Visualize using plotly. Since plotly handles the country code (JPN for Japan, etc.) instead of the country name as it is, import the country_converter to convert it to the country code. Data processing is done with pandas.

#If not
!pip install plotly
!pip install country_converter
!pip install pandas

import country_converter as coco
import plotly.express as px
import pandas as pd

Reading data

All of these are copied and hand-crafted from the pdf of the WHO site, so I'm sorry if there is a mistake. .. .. I wonder if there is a better database. .. ..

All of this data is stored in the DataFrame.

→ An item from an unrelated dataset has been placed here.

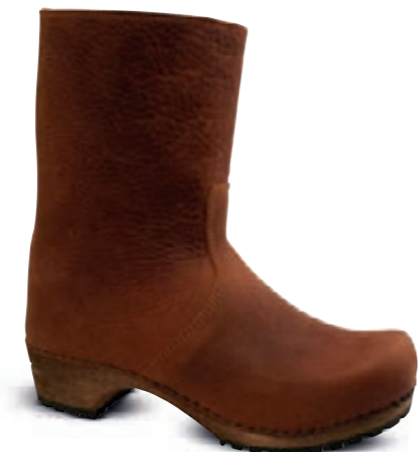
Risotto // 473222 // Oil Leather 15 Cognac // Size 35-42
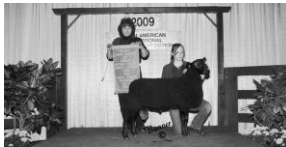
Reserve Champion NC Ram

dict_01_22 = {"2020/01/22":
              {"China": 310,
               "Japan": 1,
               "Republic of Korea": 1,
               "Thailand": 2}}
dict_01_30 = {"2020/01/30":
              {"China": 7737,
               "Japan": 11,
               "Republic of Korea": 4,
               "Vietnam": 2,
               "Singapore": 10,
               "Australia": 7,
               "Malaysia": 7,
               "Cambodia": 1,
               "Philippines": 1,
               "Nepal": 1,
               "Sri Lanka": 1,
               "India": 1,
               "United States of America": 5,
               "Canada": 3,
               "France": 5,
               "Finland": 1,
               "Germany": 4,
               "United Arab Emirates": 4,
               "Thailand": 14}}
dict_02_07 = {"2020/02/07":
              {"China": 31211,
               "Japan": 91,
               "Republic of Korea": 24,
               "Vietnam": 12,
               "Singapore": 30,
               "Australia": 15,
               "Malaysia": 14,
               "Cambodia": 1,
               "Philippines": 3,
               "Nepal": 1,
               "Sri Lanka": 1,
               "India": 3,
               "United States of America": 12,
               "Canada": 7,
               "France": 6,
               "Belgium": 1,
               "Italy": 3,
               "Finland": 1,
               "Spain": 1,
               "Sweden": 1,
               "Germany": 13,
               "The United Kingdom": 3,
               "United Arab Emirates": 5,
               "Russia": 2,
               "Thailand": 25}}
dict_02_14 = {"2020/02/14":
              {"China": 142823,
               "Japan": 251,
               "Republic of Korea": 28,
               "Vietnam": 16,
               "Singapore": 58,
               "Australia": 15,
               "Malaysia": 14,
               "Cambodia": 1,
               "Philippines": 3,
               "Nepal": 1,
               "Sri Lanka": 1,
               "India": 3,
               "United States of America": 15,
               "Canada": 7,
               "France": 11,
               "Belgium": 1,
               "Italy": 3,
               "Finland": 1,
               "Spain": 2,
               "Sweden": 1,
               "Germany": 16,
               "The United Kingdom": 9,
               "United Arab Emirates": 8,
               "Russia": 2,
               "Thailand": 33}}
dict_02_21 = {"2020/02/21":
              {"China": 142823,
               "Japan": 727,
               "Republic of Korea": 204,
               "Vietnam": 16,
               "Singapore": 85,
               "Australia": 17,
               "Malaysia": 22,
               "Cambodia": 1,
               "Philippines": 3,
               "Nepal": 1,
               "Sri Lanka": 1,
               "India": 3,
               "United States of America": 15,
               "Canada": 8,
               "France": 12,
               "Belgium": 1,
               "Italy": 3,
               "Finland": 1,
               "Spain": 2,
               "Sweden": 1,
               "Germany": 16,
               "The United Kingdom": 9,
               "United Arab Emirates": 9,
               "Iran": 5,
               "Egypt": 1,
               "Russia": 2,
               "Thailand": 35}}
concated = pd.concat([
                      pd.DataFrame(dict_01_22),
                      pd.DataFrame(dict_01_30),
                      pd.DataFrame(dict_02_07),
                      pd.DataFrame(dict_02_14),
                      pd.DataFrame(dict_02_21)], axis=1, sort=True).fillna(0)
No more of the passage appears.